Meredith is in her room. Rudy goes into the bathroom while Amanda and Raffaele confront Meredith,
teasing and taunting her. Suddenly, Amanda turns aggressive. A physical fight breaks out between the two girls, and the video shows Amanda first grabbing Meredith’s throat and then shoving the palm of her hand against Meredith’s chin to push her head against the wall, knocking her unconscious—and here the video superimposes actual shots of Meredith’s bruises to show how they match the size and shape of Amanda’s animated hand. Rudy enters the room just before Meredith falls to the floor. Amanda, Raf, and Rudy undress her, first pulling down her blue jeans and underwear and then pushing her T-shirt above her breasts. Then Meredith comes to. Raf pulls his switchblade out of his pocket, and a few minutes later, Amanda runs to the kitchen to get another knife. Meredith uses her right hand to fight back, which causes the tiny knife wounds on the palms of her hands. Raf tries to unhook Meredith’s bra but fails to work the clasp; he slices it off her later, after she’s been stabbed. Meredith falls to her knees. Amanda then directs Rudy and Raffaele to hold Meredith’s arms back. Rudy reaches down to touch Meredith’s vagina. Amanda holds the larger knife to Meredith’s neck, teasing her with it and dancing it across her neck, leaving fine cuts. Raffaele holds his knife against the other
side of her neck from behind. Amanda then plunges the knife into Meredith’s neck and she utters the scream heard by elderly neighbor Nara Capezzali. Blood sprays on the wardrobe, and Meredith falls to the ground. Then the three assailants pull Meredith to the side of her bed, and again, the avatar’s movement is superimposed over crime scene photos of the blood smear left by her hair across the floor. Rudy ministers to Meredith, who is coughing and spitting blood. Amanda and Raf grab Meredith’s phones and run from the apartment, leaving Rudy and the dying Meredith.

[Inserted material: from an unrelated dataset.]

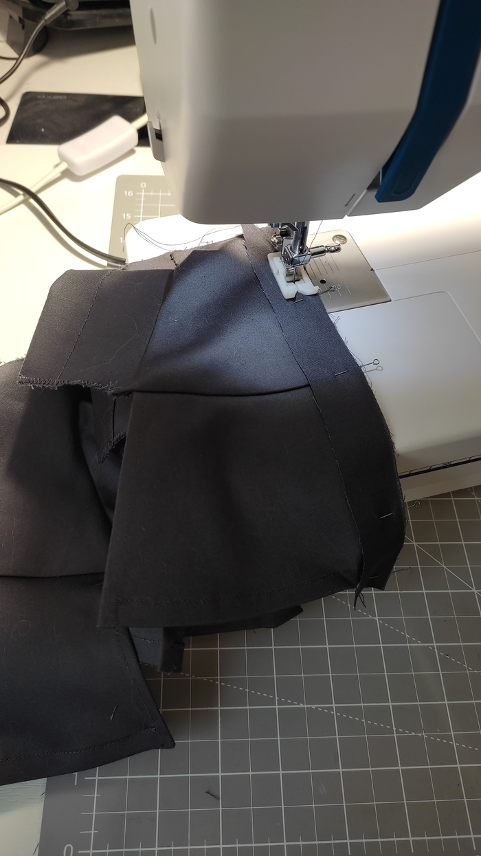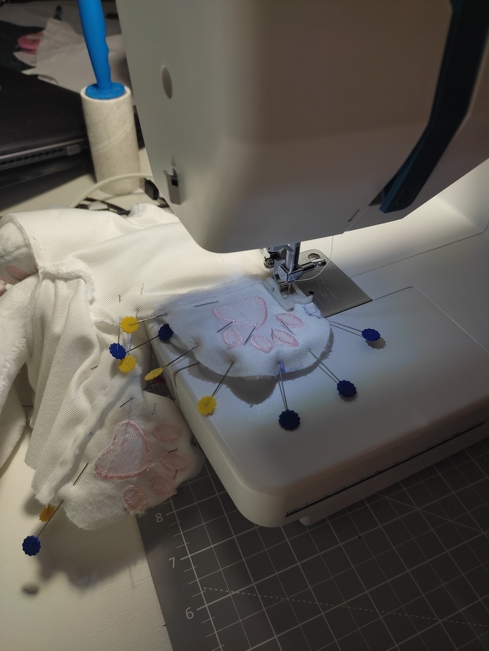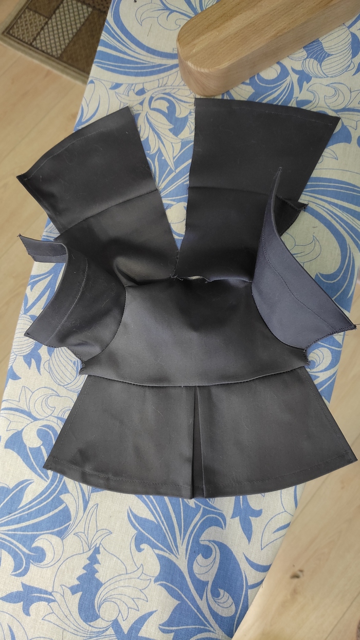 Далее забрала готовую вышивку, достроила выкройку, раскроила детали, более-менее определила порядок работы и начала шить. Шила на машинке, естественно, не руками же такое шить.

The video was compelling about the mechanics of the murder, but less convincing on the subject of motive. This has always been the weakest link in the prosecution’s case, and in fact their theory of the crime changed several times over the course of the investigation. In the days right after the murder, there was talk of a Satanic ritual because of the Halloween paraphernalia found at the girls’ villa and Raf’s apartment. That hypothesis was soon discounted, however, and replaced with the idea of sex games gone wrong in a fog of drugs and alcohol. Unfortunately, no alcohol or drug testing was immediately done on Amanda, Raf, or Rudy, and Meredith’s initial toxicology reports showed that she had had no more than a glass of wine. (Later
toxicology reports showed that she may have been very drunk, but the prosecution wrote those off as bad forensics—they said her body had not been stored properly, so the blood alcohol levels were due to fermentation, not intoxication. As for Amanda and Raf, when they were finally arrested, on November 6, only the slightest unidentifiable trace of narcotics was found through hair samples—not even enough to identify the substance.) By the time the case reached court, however, the idea of sex games with Meredith as a willing participant had evolved into a notion of conflict between the two roommates that provoked Amanda and the two men to sexually taunt and assault her. This was the motivation assumed in the video reenactment, with a voiceover by prosecutor Comodi explaining that the narcissistic Amanda had total control of the situation.
 
 
MY OWN VIEW IS THAT the video is too harsh, because it does not credit the role of drugs and alcohol in the events of that night. Although prosecutor Mignini mentioned drugs in his closing arguments—specifically, heroin, cocaine, and acid in addition to the superenhanced cannabis common on the back streets
of Perugia—the prosecution video never shows Amanda, Raf, and Rudy getting high, and the avatars appear to be in control of themselves, acting with intentional cruelty. The more likely scenario, if Amanda and Raf are truly guilty in Meredith’s death, is that they were so blasted that they had lost touch with their own rational selves—and truly cannot recall exactly what happened that night. This could have been the dangerous side effect of their budding romance: According to Amanda’s prison diaries, Raf had been reminiscing about his incredible highs on heroin and cocaine, and she may have been eager to try it; she in turn might have introduced him to “hard A”—the high-proof mix of liquors popular with college students in the Pacific Northwest. By sharing their knowledge, two experienced thrill seekers could have found a way to get higher than ever—with lethal consequences.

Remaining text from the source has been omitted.